See Horkeychen wrote the article "[WebKit] javascriptcore Analysis--Basic article (c) from script code to JIT compiled code implementation", written very well, deeply inspired. I would like to add some details such as how bytecode is generated, and so on, written by Horkey.
JSC's handling of JavaScript, in fact, is similar to WebKit's handling of CSS in many places, and it has so few parts:
(1) Lexical analysis--out of the word (Token);
(2) Grammar analysis, abstract syntax tree (ast:abstract Syntax trees);
(3) Traversal of the abstract syntax tree-generated bytecode (bytecode);
(4) Execute byte code with interpreter (Llint:low level interpreter);
(5) If the performance is not good enough to use baseline JIT compiled bytecode generation machine code, and then execute this machine code;
(6) If performance is not good enough, use DFG JIT recompile bytecode to generate better machine code, and then execute this machine code;
(7) Finally, if it is not good, the Llvm:low-virtual machine to compile the middle of the DFG code, to generate higher-optimized machines and execution. Next, I'll use a series of articles to describe this process.
Among them, steps 1, 2 is similar, 3, 4, 5 steps of the idea, CSS JIT is also a similar approach, please refer to [1]. Want to write JSC article, with rookie and Yugong Yishan Way, open the JSC tip of the iceberg.
This article mainly describes the details of lexical and syntactic parsing.
First, javascriptcore analysis of the lexical analyzer workflow
This explains the lexical and grammatical workflow:
The working process of the tokenizer is to constantly look for a word (Token) from a string, such as to find a continuous "true" string, creating a tokentrue.
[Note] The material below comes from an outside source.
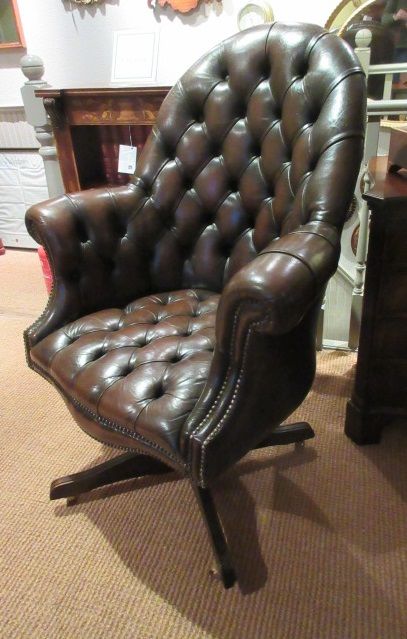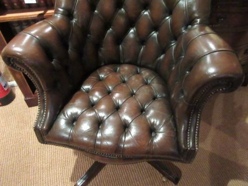 Englischer Mahagoni Drehstuhl Schreibtisch Sessel Chesterfield antik

The process of working with the lexical device is as follows:
Javascriptcore/interpreter/interpreter.cpp:
Template <typename chartype>
[CPP] view plaincopy
Template <parsermode mode> tokentype Literalparser<chartype>::lexer::lex (literalparsertoken< chartype>& token)
{
while (M_ptr < m_end && Isjsonwhitespace (*m_ptr))
++m_ptr;
if (m_ptr >= m_end) {
Token.type = Tokend;
Token.start = Token.end = m_ptr;
return tokend;
}
Token.type = Tokerror;
Token.start = m_ptr;
Switch (*m_ptr) {
Case ' [':
Token.type = Toklbracket;
Token.end = ++m_ptr;
return toklbracket;
Case '] ':
Token.type = Tokrbracket;
Token.end = ++m_ptr;
return tokrbracket;
Case ' (':
Token.type = Toklparen;
Token.end = ++m_ptr;
return toklparen;
Case ') ':
Token.type = Tokrparen;
Token.end = ++m_ptr;
return tokrparen;
Case ', ':
Token.type = Tokcomma;
Token.end = ++m_ptr;
return tokcomma;
Case ': ':
Token.type = Tokcolon;
Token.end = ++m_ptr;
return Tokcolon;
Case ' "':
Return Lexstring<mode, ' "> (token);
Case ' t ':
if (m_end-m_ptr >= 4 && m_ptr[1] = = ' R ' && m_ptr[2] = = ' u ' && m_ptr[3] = = ' E ') {
M_ptr + = 4;
Token.type = Toktrue;
Token.end = m_ptr;
return toktrue;
}
Break
Case '-':
Case ' 0 ':
[CPP] view plaincopy
...
Case ' 9 ':
return Lexnumber (token);
}
if (M_ptr < m_end) {
if (*m_ptr = = '. ') {
Token.type = Tokdot;
Token.end = ++m_ptr;
return Tokdot;
}
if (*m_ptr = = ' = ') {
Token.type = tokassign;
Token.end = ++m_ptr;
return tokassign;
}
if (*m_ptr = = '; ') {
Token.type = Toksemi;
Token.end = ++m_ptr;
return tokassign;
}
if (Isasciialpha (*m_ptr) | | *m_ptr = = ' _ ' | | *m_ptr = = ' $ ')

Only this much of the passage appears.